There is nothing like tomato soup on a rainy day any time of the year. It’s nature’s comfort food. This soup is the most requested soup from my family. The blender is what makes it so creamy. I serve it with a gourmet toasted cheese, usually something made up based on what it’s in the refrigerator. I love to cook that way!
- 10 large Roma tomatoes (cut in half,seeded)
- 1 medium onion (sliced)
- 1/2 cup olive oil
- 6 garlic cloves
- 2 cups vegetable stock or broth
- 6 large fresh Basil leaves (optional)
- 1 Bay leaf
- Salt and pepper to taste
PUTTING IT ALL TOGETHER
Preheat the oven to 450
Wash tomatoes, cut into halves and remove seeds. Spread the tomatoes, garlic cloves and onions onto a baking tray. Drizzle with 1/2 cup of olive oil and season generously with salt and pepper. Roast for 20 to 30 minutes, or until caramelized.

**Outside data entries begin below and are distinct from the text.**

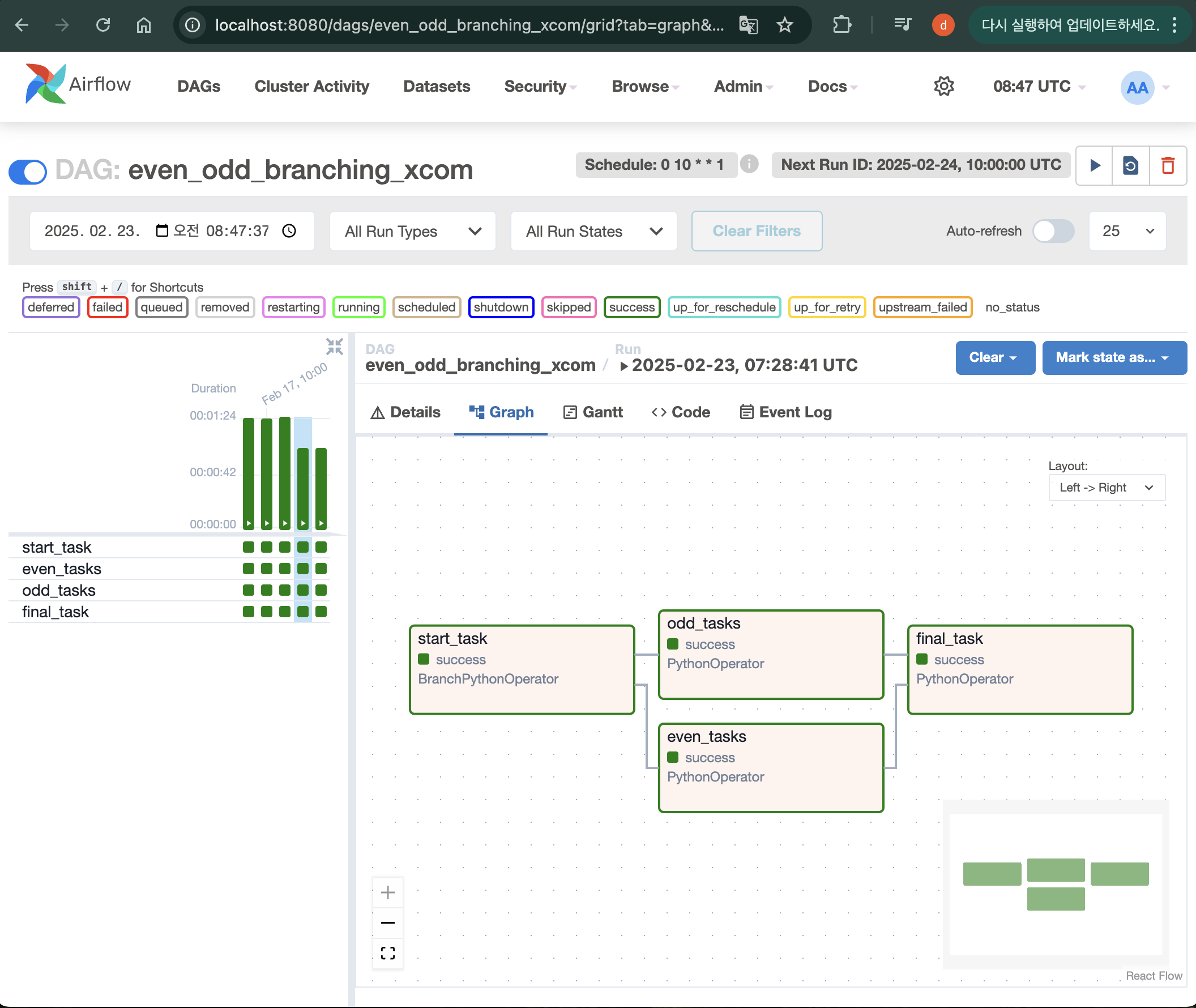 ti.xcom_push(key="even_numbers", value=even_values) # XCom 저장
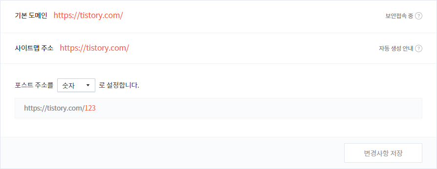 티스토리 블로그 주소 설정 중에서 문자와 숫자가 있다. 어떤 것이 좋다고 말하진 않겠다. 다만, 내 경우에는 종합적으로 판단했을 때, 결코 문자가 숫자보다 유리한 점이 많다고 생각하지 않는다. 나는 모든 블로그의 운영에서 오로지 숫자로만 만 대표 주소를 지정한다.
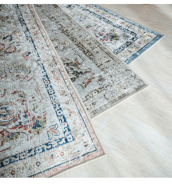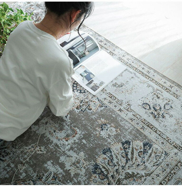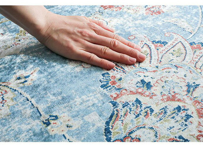 ラグ ラグマット 130×190cm オリエンタル柄 ラグカーペット 絨毯 ヴィンテージ 耐熱 床暖房 ホットカーペット 対応 ウォッシャブル 韓国インテリア(代引不可)
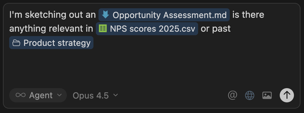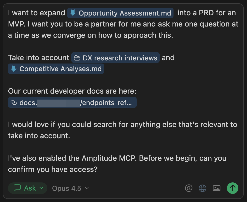 Even though you’re using Cursor instead of ChatGPT, you’ll still start each thread by asking, “What context does this conversation need?” For example, writing a PRD might start by dragging and dropping any of the following into the Cursor window:
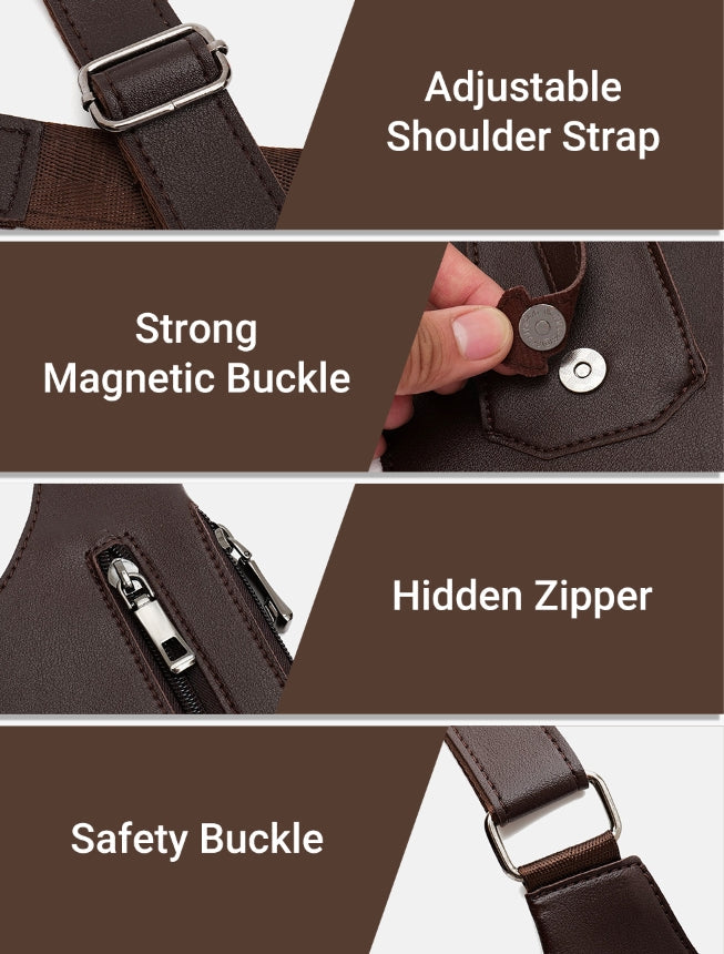 DURABLE MATERIAL: Crafted from high-quality, water-resistant PU leather, this bag is built to withstand rugged conditions and protect your belongings from the elements, ensuring long-lasting durability.
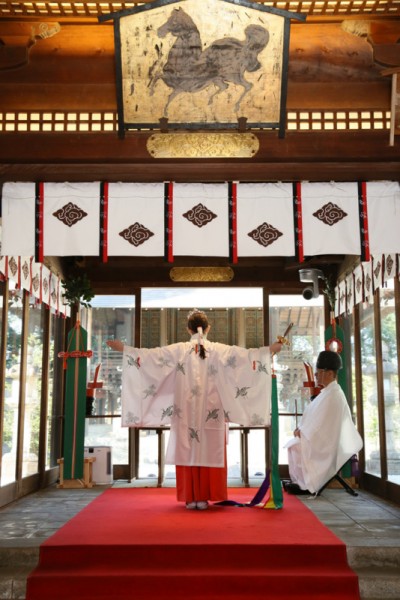 川越氷川神社では、本日14時40分より、神前に「浦安の舞」を奉奏し
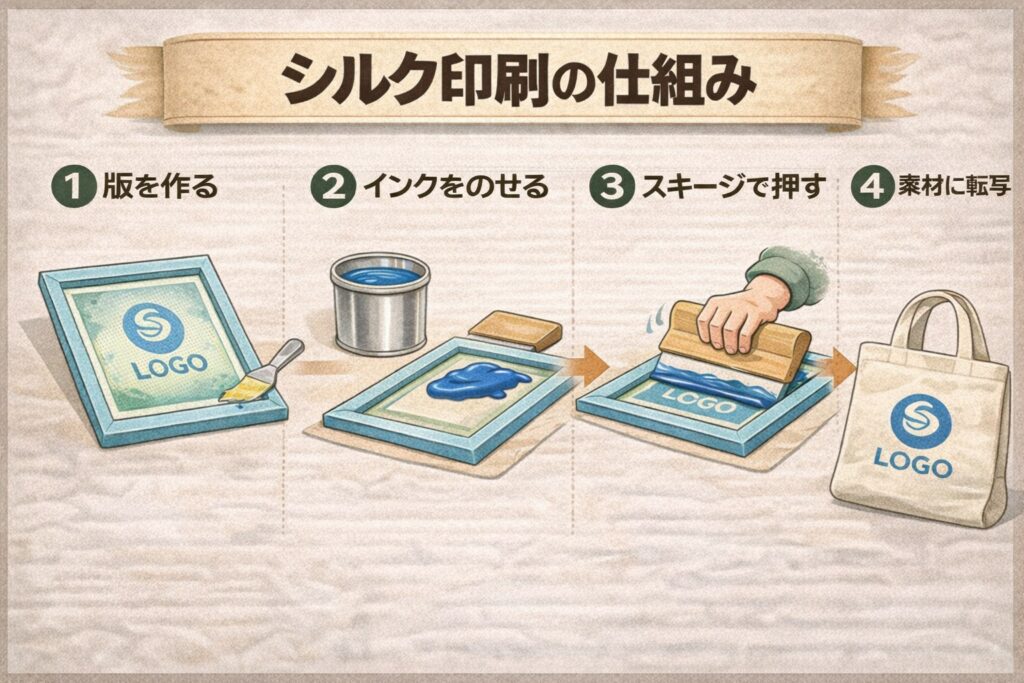 シルク印刷は、版を使ってインクを押し出す印刷方法で、
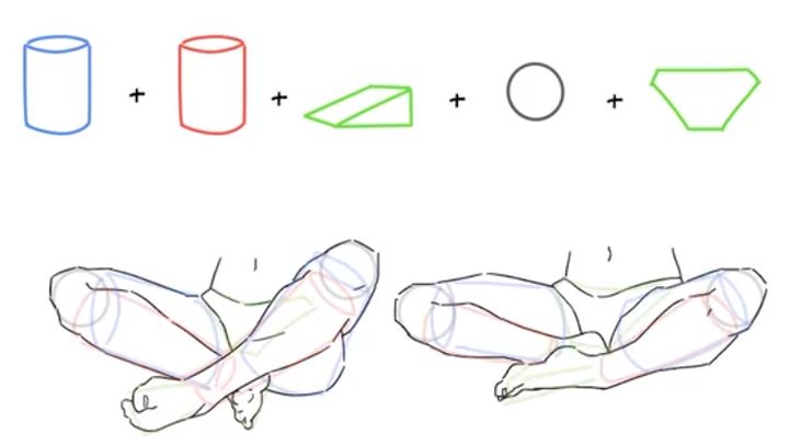 下半身的组成,大腿与小腿我们可以用圆柱体来给它们进行概括

Remove from the oven and transfer to a medium stock pot, add 1 cup of the vegetable stock, the bay leaf and basil leaves. Bring to a boil, reduce heat and simmer for 15 to 20 minutes or until liquid has reduced by about 1/2.
Remove the bay leaf. Let the pot cool for 5 minutes.
Caution: carefully place in the blender and puree until smooth (leave the lid open slightly so the steam can escape)
Return soup back to the pot on low heat, add remaining vegetable stock (as needed). Season to taste with salt and freshly ground black pepper.